As It Happens

Mass murderer Anders Breivik accepted to University of Oslo political science program

Author of extreme right-wing manifesto will study pluralism and human rights.
(The Associated Press)

On July 22, 2011, Anders Breivik shot 69 students dead at a summer camp in Norway. He killed eight more with a bomb planted in Oslo. Now, he wants to go back to school.

Breivik has been accepted to the University of Oslo, where he will study political science. The rector of the university, Ole Ottersen, tells As It Happens guest host Laura Lynch "we have rules and regulations...that don't differentiate between inmates and other students." 

Ottersen admits the decision was not easily reached, saying, "Many people are appalled at the very thought." He says it was a matter of principle.

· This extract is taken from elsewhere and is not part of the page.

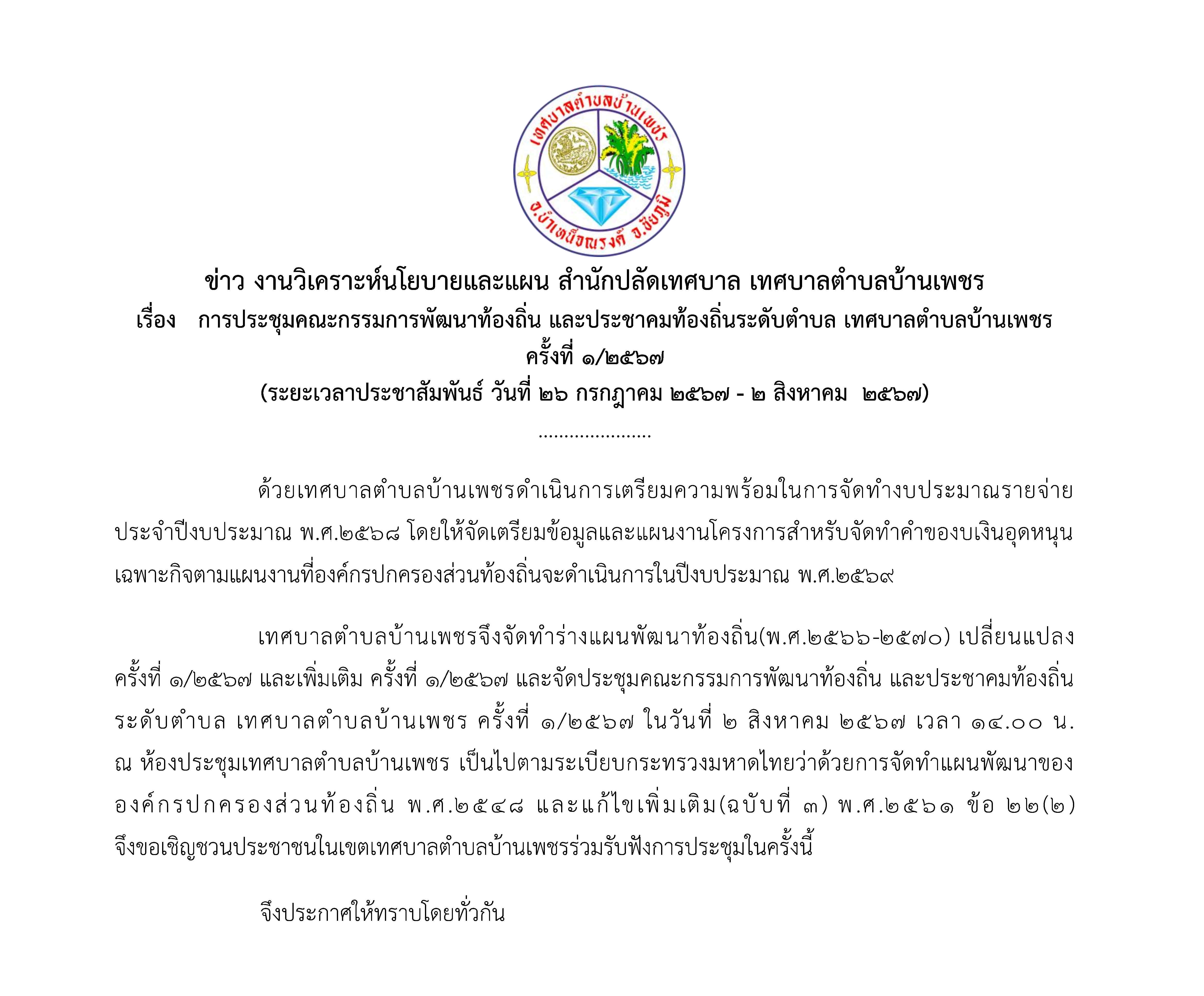 การประชุมคณะกรรมการพัฒนาท้องถิ่น และประชาคมท้องถิ่นระดับตำบล เทศบาลตำบลบ้านเพชร ครั้งที่ 1/2567
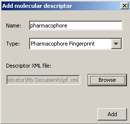 Here you must type the descriptor name, which can be anything. Then you should select the descriptor type and the descriptor XML file, which contains information about the custom fingerprint generation rules. You can define some additional configuration by clicking on the descriptor's name in the Molecular Descriptor tree. Give a name to the configuration and specify the XML file. By clicking on the 'Remove' button you can delete the currently selected descriptor or configuration in the Molecular Descriptor tree.

"The appropriate response to his terrorism is to stick to the rules."

Breivik will not be permitted to leave his prison cell to attend courses, and all communication between Breivik and the university will be coordinated through a contact person in the prison.

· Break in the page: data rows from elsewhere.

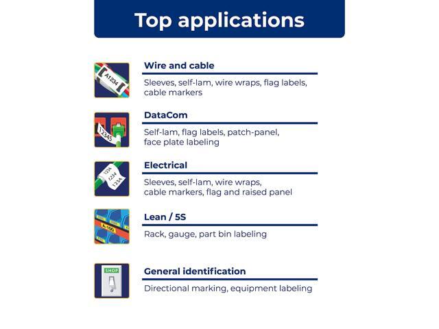 • Printer creates multi-line labels for clear identification of wires, panels, circuit boards and other industrial items
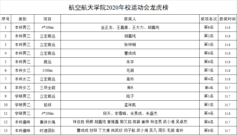 附:2020年校运动会beats365官方网站龙虎榜、参赛名单
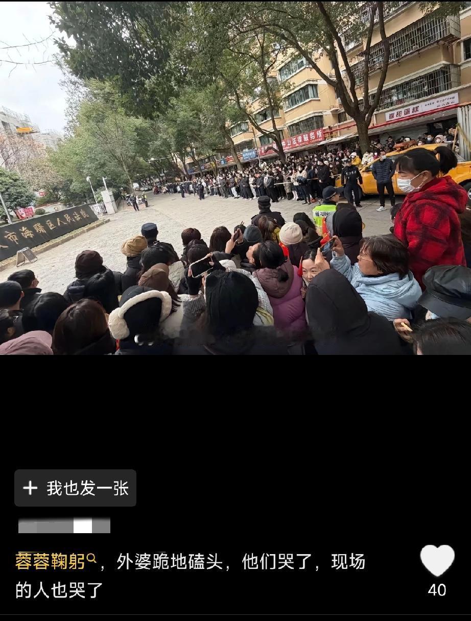 看一次,哭一次, 外婆对着大家磕头,妈妈一次次鞠躬, 法院外面是一大群自发到现场支援的宝妈宝爸们。 没有大的网红、新闻媒体帮助站台,最后只有我们这些普通人去帮助普通人。 今天全国大范围降温,却还有很多妈妈怀里抱着孩子到了现场。 每一个人不光是在帮她们,更是帮自己,帮自己的孩子,下一次不会受到同样的伤害!

Not all teachers at the university are comfortable with the arrangement. Some are refusing to take part in his education, and Ottersen says they will be accommodated: "We respect the personal conviction on the part of the educator."

Anders Behring Breivik is shown in an online document attributed to him that was discovered the day after the 2011 shooting and bomb attack in Norway. (Scanpix/Associated Press)

There are also many students at the university who are related to victims of Breivik. Ottersen admits that this has created a "lively debate," but he is proud that "many people, after having reacted on a very emotional basis to start with realize there are principles beneath these passions that we have to stick to."

Ottersen says just because the University of Oslo has admitted Breivik, "does not mean we are...devoid of vengeance and passion. But vengeance and passion should not force us to deviate from the rules we have in a civilized society." 

Anders Breivik released a 1500-page manifesto on the day of his attacks, in part claiming the attacks were necessary to stop the "Islamization" of Norway.

Ottersen sees an "irony" in Breivik's choice to study political science: "He will have to read about democracy, justice, pluralism and respect for individual human rights...he will have ample possibilities now to reflect on his atrocities."